Keywords

1 Introduction

High diagnostic accuracy of image analysis pipelines requires high quality medical images. Misleading conclusions can be drawn when the original data are of low quality, in particular for cardiac magnetic resonance (CMR) imaging. CMR images can contain a range of image artefacts [3], and assessing the quality of images acquired on MR scanners is a challenging problem. Traditionally, images are visually inspected by one or more experts, and those showing an insufficient level of quality are excluded from further analysis. However, visual assessment is time consuming and prone to variability due to inter-rater and intra-rater differences.

The UK Biobank is a large-scale study with all data accessible to researchers worldwide, and will eventually consist of CMR images from 100,000 subjects [11]. To maximize the research value of this and other similar datasets, automatic quality assessment tools are essential. One specific challenge in CMR is motion-related artefacts such as mistriggering, arrhythmia and breathing artefacts. These can result in temporal and/or spatial blurring of the images, which makes subsequent processing difficult [3]. For example, this type of artefact can lead to erroneous quantification of left ventricular (LV) volumes, which is an important indicator for cardiac functional assessment. Examples of a good quality image and an image with blurring motion artefacts are shown in Fig. 1a–b for a short-axis view CINE CMR scan.

Fig. 1.
figure 1

Examples of a good quality CINE CMR image (a), an image with blurring motion artefacts (b), and a k-space corrupted image (c). The k-space corruption process is able to simulate realistic motion-related artefacts. (Please see videos in supplementary material.)

2 Background

Convolutional Neural Networks (CNNs) have been utilized for image quality assessment in the computer vision literature with considerable success [4], especially for image compression detection.

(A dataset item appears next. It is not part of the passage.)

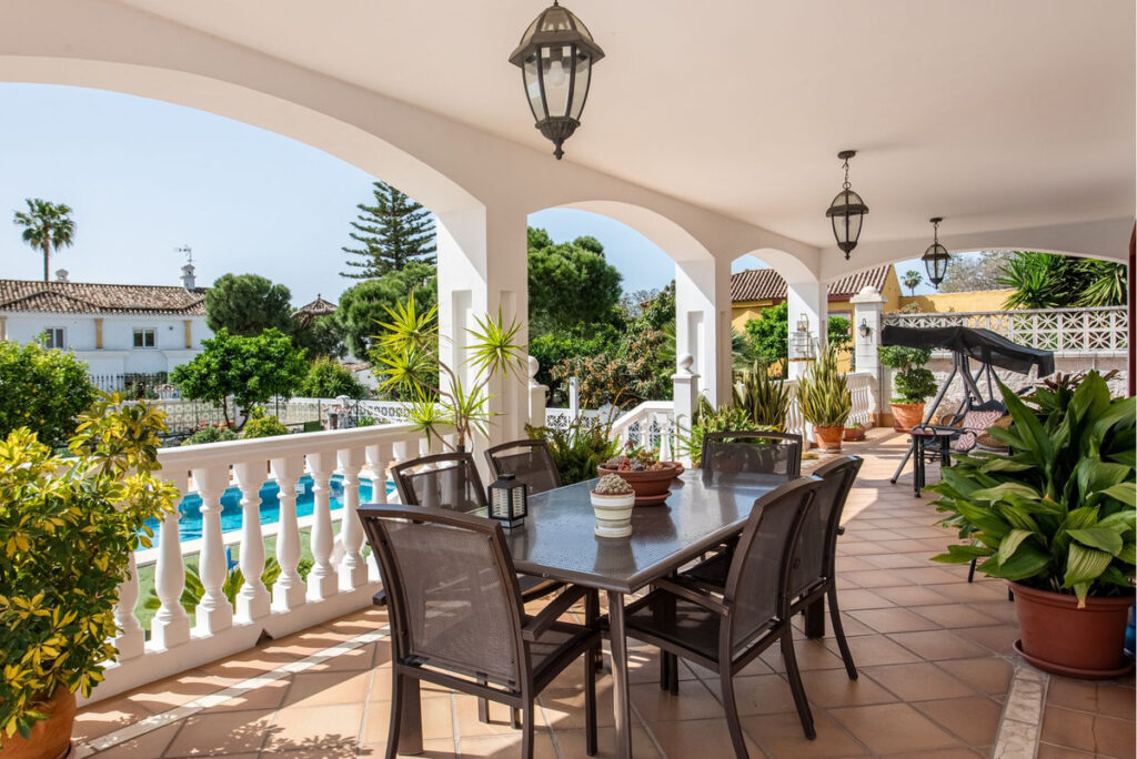 This exceptional Andalusian-style villa is ideally situated in the center of San Pedro de Alcántara, just a 10-minute walk from the beach and promenade. Offering a unique blend of traditional charm and spacious living, the property is perfect for large families or those seeking a home with guest accommodations.

This success has motivated the medical image analysis community to utilize CNNs on multiple image quality assessment challenges such as fetal ultrasound [15] and echocardiography [1]. CNNs have also been utilized for real-time scan plane detection for ultrasound with high accuracy [2]. Relevant work in motion artefact detection includes Meding et al. [8], who proposed a technique to detect motion artefacts caused by patient movement for brain MR using a simple CNN architecture. Their algorithm used training data from fruit images and artificial motion data. Also, Kustner et al. [6] proposed a patch-based motion artefact detection method for brain and abdomen MR images, but they made their tests on a small dataset of 16 MR images with significant motion artefacts. Motion artefacts in CMR imaging are largely caused by ECG mistriggering and pose a significantly different problem.

In the context of CMR, recent work on image quality assessment has targeted the detection of missing apical and basal slices [16]. Missing slices adversely affect the accurate calculation of the LV volume and hence the derivation of cardiac functional metrics such as ejection fraction. Tarroni et al. [13] addressed the same problem using multiple view CMR images and decision trees for landmark localization. One other image quality issue is off-axis acquisition of 4-chamber view CMR, which was detected with a simple CNN in [10]. CMR image quality was also linked with automatic quality control of image segmentation in [12]. In the context of detection of CMR motion artefacts, Lorch et al. [7] investigated synthetic motion artefacts. In their work, they used histogram, box, line and texture features to train a random forest algorithm to detect motion artefacts for different artefact levels. However, their algorithm was tested only on artificially corrupted synthetic data and aimed only at detecting breathing artefacts.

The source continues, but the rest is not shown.